Понимая, что после десантирования в Аргунское ущелье нашим подразделениям предстоит вести с боевиками не открытые общевойсковые бои, а в большей мере использовать тактику, так называемой, контрпартизанской войны, мы попытались найти в наших секретных и несекретных библиотеках хоть какие-нибудь материалы, обобщающие подобные действия пограничных и внутренних войск в прошлом. Но, к нашему изумлению, их там не оказалось. Не получили мы подобных материалов и из Федеральной пограничной службы России. Перелопатив весь Интернет, офицеры отдела боевой подготовки нашли всего лишь один добротный опыт организации контрпартизанских действий войск НКВД СССР на Северном Кавказе в 1944 году, который и был взят нами на вооружение. А ведь подобные действия войскам НКВД приходилось вести и в Прибалтике, и в западных районах Украины, и Белоруссии. Да и в Афганистане пограничники применяли подобную тактику. Но куда подевался этот, оплаченный кровью тысяч советских солдат и офицеров, опыт узнать так и не удалось.
В течение полутора месяцев, исполняя обязанности старшего оперативной группы «Аргун», я смог ещё не раз убедиться в том, что многие горькие уроки Великой Отечественной войны нами усвоены плохо.

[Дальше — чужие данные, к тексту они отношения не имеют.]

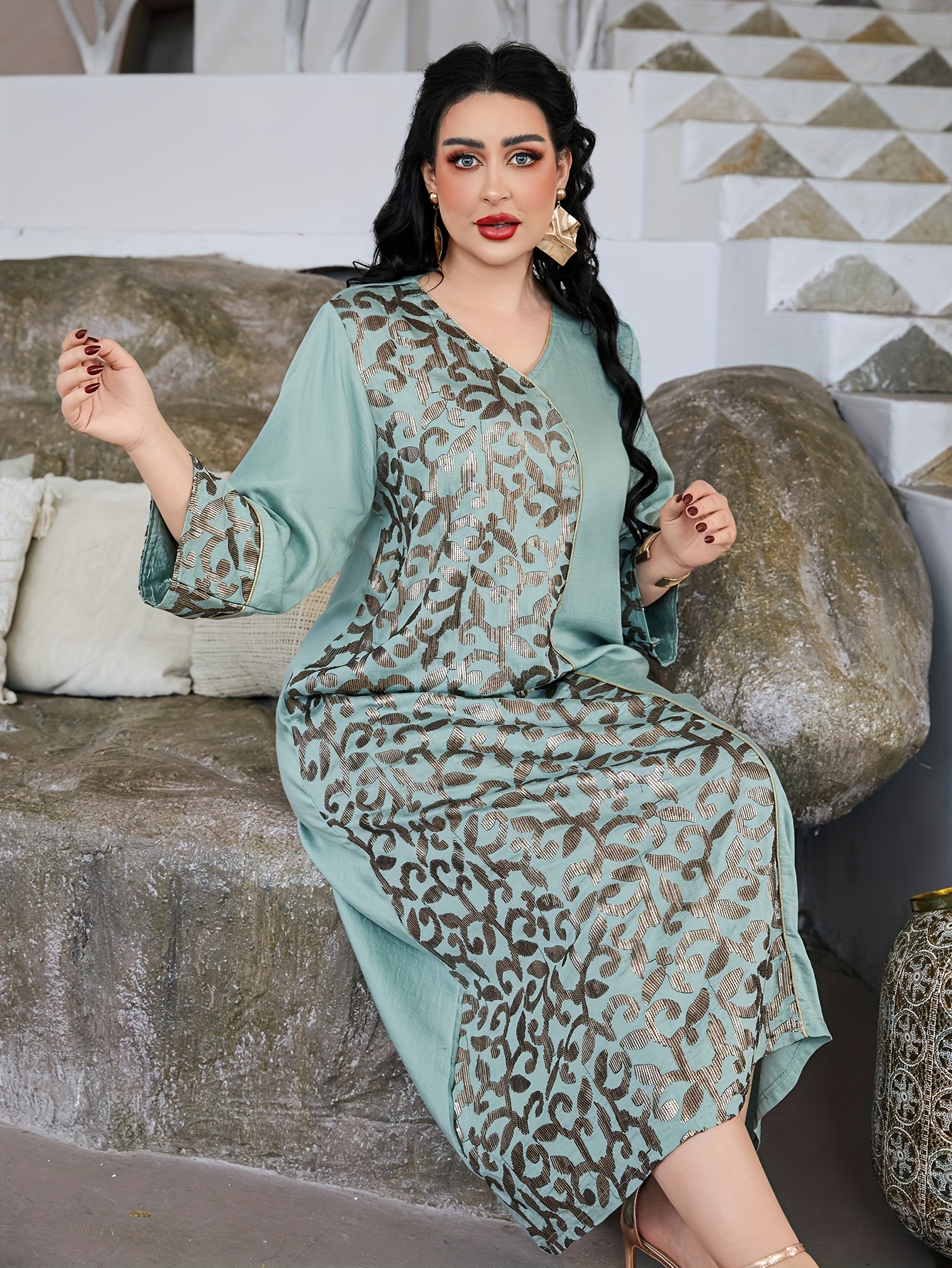 Directional Heavy Industrial Beaded Embroidery Arabic Women's Elegant Dress JALABIA V-Neck Black Creative Asymmetrical Splicing Latest Design Saudi National Day Gown

Но значительно больше возможностей, для углубленного изучения литературы о Второй мировой войне, о боевой деятельности пограничников в годы Великой Отечественной войны у меня появилось, лишь когда стал начальником Голицынского пограничного института. Весьма плодотворной в этом плане оказалась моя работа над диссертацией на тему «Патриотическое сознание пограничников в условиях глобализации». В тот период мне всё ещё казалось, что пограничными историками довольно таки глубоко исследованы эти вопросы. Особенно я укрепился в этом мнении после прочтения фундаментальной работы Г.П.Сечкина «Советские пограничные войска в Великой Отечественной войне 1941—1945 гг. и возможные их действия в современных операциях», изданной в далёком 1976 году. Уйдя в 2010 году на заслуженный отдых, я решил более основательно заняться изучением проблемы участия пограничников в сражениях Великой Отечественной войны. На первом этапе в своей работе я использовал только широко доступные источники информации в виде книг, монографий, статей, а также безграничные возможности сети Интернет. Единственным, можно сказать, настоящим архивным документом, который я использовал в тот период, была копия «Журнала оперативной записи», который вели оперативные дежурные Главного управления пограничных войск НКВД СССР с 22 июня по 8 июля 1941 года.
Однако через некоторое время пришло осознание того, что без архивных документов мне не обойтись. В итоге несколько месяцев мною было посвящены работе с документами в фондах Российского государственного военного архива (РГВА). Как-то, узнав от директора Государственного историко-литературного музея-заповедника А.С.Пушкина «Захарово-Вязёмы» А.М.Рязанова, что у него хранятся подшивки центральных газет «Правда» и «Известия» за период с 1941 по 1945 годы, я с большим душевным трепетом несколько недель с карандашом в руках исследовал их пожелтевшие страницы. В этот же период мне удалось ознакомиться с материалами о служебно-боевой деятельности пограничных войск в годы войны, опубликованными в журнале «Пограничник» за 1941—1945 годы.
На каком-то этапе «погружения в тему» я обнаружил множество противоречивых фактов, нестыковок в работах историков при освещении некоторых событий, чрезмерную, порой надуманную героизацию всего того, что было связано с деятельностью пограничных войск в тот период. При этом явно прослеживалась линия на замалчивание многих негативных фактов в их деятельности как накануне, так и в годы войны. К тому же, многие события, описанные в работах ведомственных историков, не находили своего подтверждения в трудах ведущих российских учёных. О своих сомнениях по этому поводу в 2013 году я высказался на страницах газеты «Граница России» в статье «Стойко и мужественно выговаривать правду». К сожалению, в развернувшейся полемике вокруг названной статьи, мои оппоненты не стали утруждать себя поиском аргументированных ответов на поставленные в ней вопросы, а пошли по пути дискредитации автора любым способом. Более подробно об этом будет сказано в последней главе, озаглавленной «Заключение или необходимое послесловие к несостоявшейся дискуссии», этой книги.
Такова, вкратце, предыстория зарождения у меня мысли написать об этом периоде в истории пограничной службы новую книгу. На работу над ней ушло три года. Что из этого получилось – судить вам, уважаемые читатели.
Не претендуя на истину в последней инстанции, выражаю надежду, что мои скромные изыскания позволят будущим исследователям более объективно и глубоко в своих трудах отразить служебно-боевую деятельность пограничных войск накануне и в годы Великой Отечественной войны. Буду признателен за пожелания и замечания читателей, за предоставление дополнительных сведений и документальных материалов по всем проблемам, поднятым в книге.